# Four wheel alignment



## SootyNicko (Nov 11, 2006)

Hi,

I've got a Seat Leon 1.9TDi Sport and I've noticed that the inside edges of the tyres seem to be wearing more. Its more noticable on the rears.

I'm shortly going to be getting 4 new tyres and wondered if it would be worth getting the alignment checked once the new tyres are on.

What are peoples experiences with the full four wheel alignment?

How much would be it be?

Lastly, does anybody know of a good place to have it done in the Barnsley or Wakefield area?

Thanks


----------



## R7KY D (Feb 16, 2010)

Camber set up from original ?


----------



## DJ X-Ray (Sep 2, 2012)

Yeah it's worth doing it your car will feel like it's brand new.I go to a guy in chesham probably the best in the buisness.Ask pezza he might know somewhere near you


----------



## jonnyboyctr (Nov 7, 2012)

I had my civic type r four wheel alignment done in Jan, went for the camber adj bolts to, car feels epic now the change is amazing.
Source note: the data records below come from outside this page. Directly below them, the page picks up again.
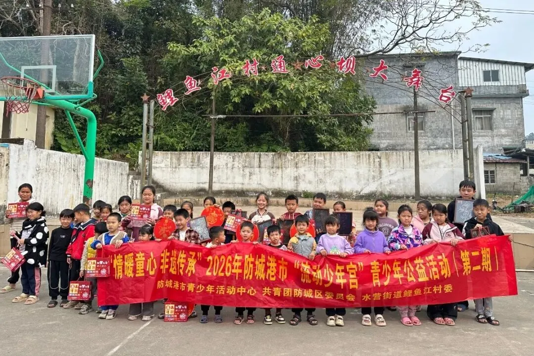 1月18日,“情暖童心 非遗传承”2026年防城港市“流动少年宫”青少年公益活动(第二期)在防城区鲤鱼江村党团队一体化教育微阵地顺利举行。本次活动由市青少年活动中心、团防城区委主办,防城区鲤鱼江村委承办,共吸引30名来自新就业群体家庭、留守儿童及困境儿童的代表参与。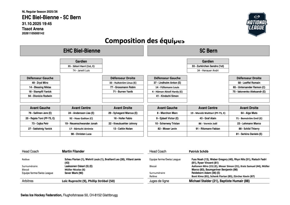 EHC Biel-Bienne: Säteri (Janett); Zryd, Hultström; Blessing, Grossmann; Stampfli, Burren; Dionicio; Rajala, Andersson, Hofer; Sallinen, Haas, Sylvegard; Cajka, Neuenschwander, Kneubuehler; Bärtschi, Christen, Cattin; Sablatnig. Coach: Filander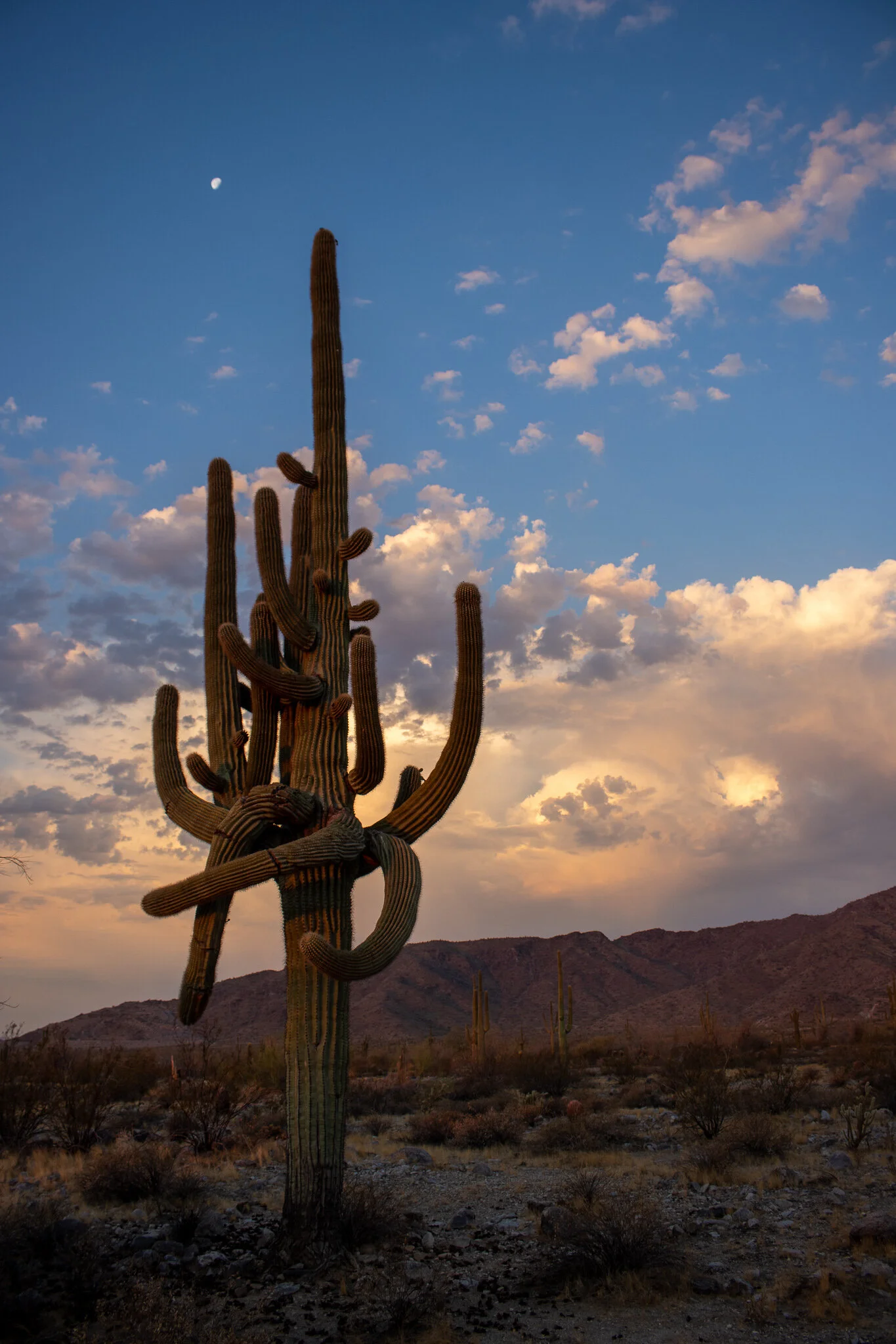 That’s my other favorite part of the desert sunrise… the opposite of the eastern horizon!! The sun is so intense in its entrance, that the reflection is just as powerful on the western foothills and overhead clouds. They appear to be lit up by glow lights that set a moody, reflective feeling to contrast the sun’s searing rays.

Highly recommend it just don't clip any curbs cause its expensive! Payed £150


----------



## M3simon (Jan 23, 2012)

Well worth getting it done. My M3 felt like a different car when it was done after have some rear trailing arm bushes and sub frame works.


----------



## DMH-01 (Mar 29, 2011)

I've had it done a few times on various cars and you can definitely feel the difference.
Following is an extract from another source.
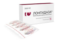 Фармакологическая группа: Ферментное средство Код АТХ: V03AX Фармакодинамика: Лонгидаза® обладает гиалуронидазной (ферментативной) активностью пролонгированного действия, хелатирующими, антиоксидантными, иммуномодулирующими и умеренно выраженными противовоспалительными свойствами. Пролонгирование действия фермента достигается ковалентным связыванием фермента с физиологически активным полимерным носителем (азоксимер). Лонгидаза® проявляет противофиброзные свойства, ослабляет течение острой фазы воспаления, регулирует (повышает или снижает в зависимости от исходного уровня) синтез медиаторов воспаления (интерлейкина-1 и фактора некроза опухоли - альфа), повышает гуморальный иммунный ответ и резистентность организма к инфекции. Выраженные противофиброзные свойства Лонгидазы обеспечиваются конъюгацией гиалуронидазы с носителем, что значительно увеличивает устойчивость фермента к денатурирующим воздействиям и действию ингибиторов: ферментативная активность Лонгидазы сохраняется при нагревании до 37 °С в течение 20 суток, в то время как нативная гиалуронидаза в этих же условиях утрачивает свою активность в течение суток. В препарате Лонгидаза® обеспечивается одновременное локальное присутствие фермента гиалуронидазы и носителя, способного связывать освобождающиеся при гидролизе компонентов матрикса ингибиторы фермента и стимуляторы синтеза коллагена (ионы железа, меди, гепарин и др.). Благодаря указанным свойствам Лонгидаза® обладает не только способностью деполимеризовать матрикс соединительной ткани в фиброзно-гранулематозных образованиях, но и подавлять обратную регуляторную реакцию, направленную на синтез компонентов соединительной ткани. Специфическим субстратом тестикулярной гиалуронидазы являются гликозаминогликаны (гиалуроновая кислота, хондроитин, хондроитин-4-сульфат, хондроитин-6-сульфат), составляющие основу матрикса соединительной ткани. В результате деполимеризации (разрыва связи между С1 ацетилглюкозамина и С4 глюкуроновой или индуроновой кислот) гликозаминогликаны изменяют свои основные свойства: снижается вязкость, уменьшается способность связывать воду, ионы металлов, временно увеличивается проницаемость тканевых барьеров, облегчается движение жидкости в межклеточном пространстве, увеличивается эластичность соединительной ткани, что проявляется в уменьшении отечности ткани, уплощении рубцов, увеличении объема движения суставов, уменьшении контрактур и предупреждении их формирования, уменьшении спаечного процесса. Биохимическими, иммунологическими, гистологическими и электронно-микроскопическими исследованиями доказано, что Лонгидаза® не повреждает нормальную соединительную ткань, а вызывает деструкцию измененной по составу и структуре соединительной ткани в области фиброза. Лонгидаза® не обладает мутагенным, эмбриотоксическим, тератогенным и канцерогенным действием. Препарат хорошо переносится пациентами, не отмечено местных и общих аллергических реакций. Применение Лонгидазы в терапевтических дозах во время или после оперативного лечения не вызывает ухудшение течения послеоперационного периода или прогрессирования инфекционного процесса; не замедляет восстановление костной ткани.

I paid £60 last time (BMW dealers wanted £330).


----------



## slim_boy_fat (Jun 23, 2006)

*Def* worth it, my e39 felt like a different car afterwards.

Look on www.alignmycar.co.uk for somewhere near you with a Hunter machine. Iirc, it cost me around £90 for the job.


----------



## SootyNicko (Nov 11, 2006)

R7KY D said:


> Camber set up from original ?


Yes, I've not changed anything in terms of the suspension. I haven't had it from new but don't think its been lowered or anything.


----------



## ivor (Sep 24, 2008)

It does sound like your cambers out and as has been said it's well worth getting done


----------



## mwbpsx (Jun 23, 2006)

99% sure it will be rear front consol bushes . Same set up as my polo. Any decent alignment place will check these before adjusting tracking

Could the rear tyres have been on the front. I used to put the fronts on to the rear to extend their life before I discovered the bushes were shot
Sent from my GT-P3110 using Tapatalk 2


----------



## Clark @ PB (Mar 1, 2006)

I get my cars done every year,especially with the state of the roads up here - makes a big difference to the way a car handles. Usually around £100-150 + maybe £10/20 per adjustment.


----------



## SootyNicko (Nov 11, 2006)

mwbpsx said:


> Could the rear tyres have been on the front


No, the fronts have only ever been on the front. They were new on the front when I got the car and haven't rotated them.


----------



## BoostJunky86 (Oct 25, 2012)

Defo worth getting it done!!!

Even from factory you'd be surprised how far out they can be. And worn bushes cause massive effects. 

Get it done pal. Defo feel like money well spent. Normally works out about £30-35 per adjustment. X4 wheels 120-140 ish I would have thought


----------



## mwbpsx (Jun 23, 2006)

Ok but maybe the rear tyres were on the front before you bought it. Camber doesnt wear tyres if tracking is correct :thumbup:

Sent from my GT-P3110 using Tapatalk 2


----------



## Will_G (Jan 23, 2012)

Clark @ PB said:


> I get my cars done every year,especially with the state of the roads up here - makes a big difference to the way a car handles. Usually around £100-150 + maybe £10/20 per adjustment.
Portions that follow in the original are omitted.